High‐Temperature and High‐Voltage Gel Polymer Electrolytes for Lithium‐Metal Batteries: Integrating Hybrid Molecular Engineering and In Situ Polymerization Strategy

Abstract Gel polymer electrolytes (GPEs) have emerged as promising candidates for lithium metal batteries (LMBs), yet their practical implementation remains constrained by limitations in high‐temperature and high‐voltage stability. Herein, a high‐temperature and high‐voltage electrolyte (PTCEA‐GPE) is designed by in situ click polymerization of multifunctional molecular monomers in liquid electrolytes.
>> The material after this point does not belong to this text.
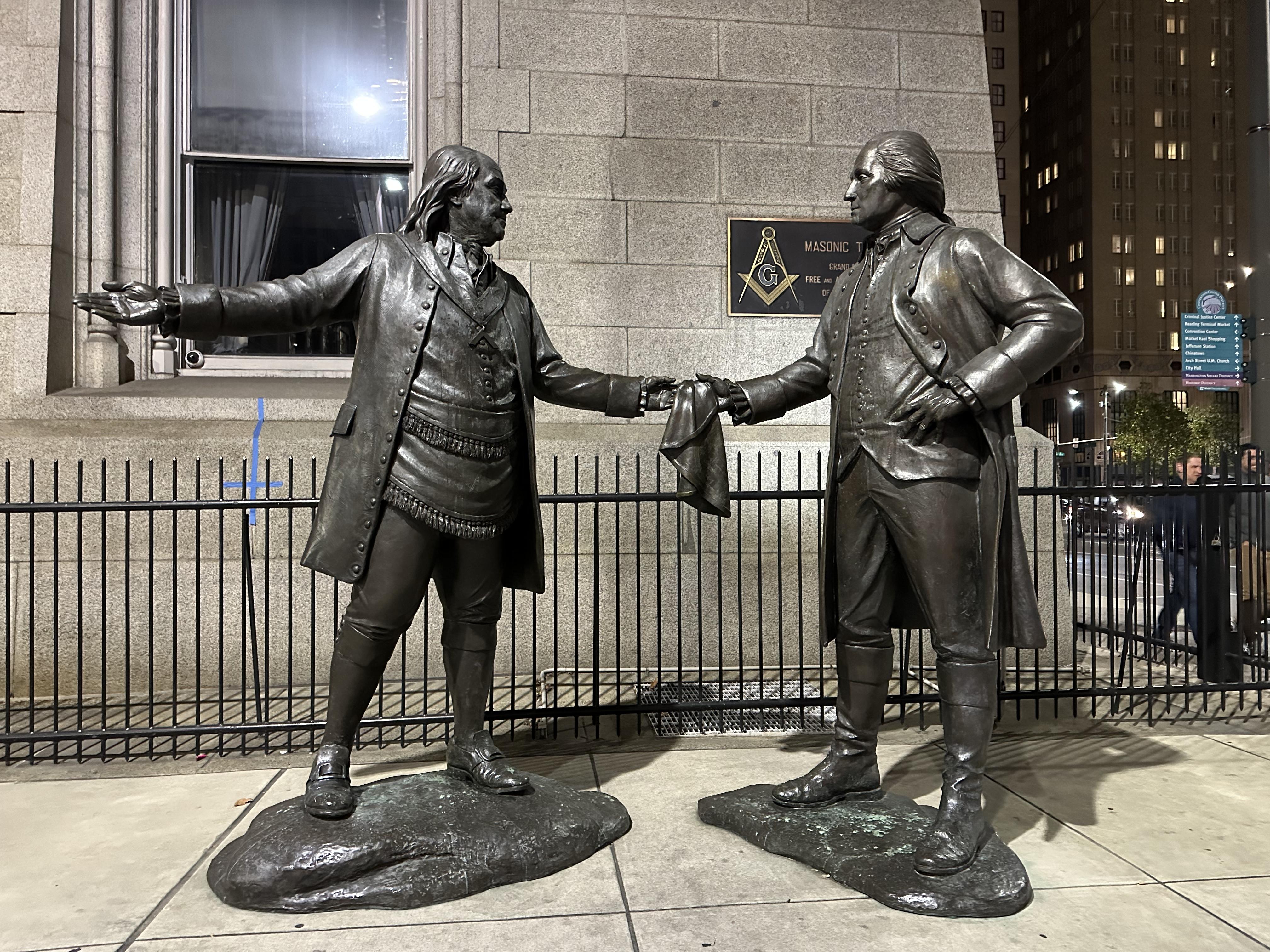 한편, 다운타운에 있는 역사 유적 '자유의 종' 앞에서는 트럼프 지지자도 만났습니다. 트럼프 인형을 만들어 들고나온 노부부 입니다. 필라델피아의 친 민주당 정서를 생각하면 이렇게 다니는 것이 좀 위험할 수도 있는데 그들은 개의치 않았습니다. 저와도 기꺼이 사진을 찍어주었습니다.

The PTCEA‐GPE has an extended electrochemical stability window of ≈5.6 V, a high lithium‐ion transference number (0.64), and excellent electrochemical stability. The Li|PTCEA‐GPE|LiFePO 4 batteries maintain capacity retention of 89.2% and 82.4% after 200 cycles at 120 and 150 °C, respectively. Even enabling the 4.5 V Li|PTCEA‐GPE|LiCoO 2 batteries to maintain almost constant capacity within 100 charge/discharge cycles. Moreover, 1‐Ah‐grade Li|PTCEA‐GPE|LiFePO 4 pouch batteries maintain capacity retention of 86.3% after 400 cycles, and they do not flame or explode in nail penetration tests. This work provides a good insight into the rational design of high‐temperature and high‐voltage GPEs for LMBs.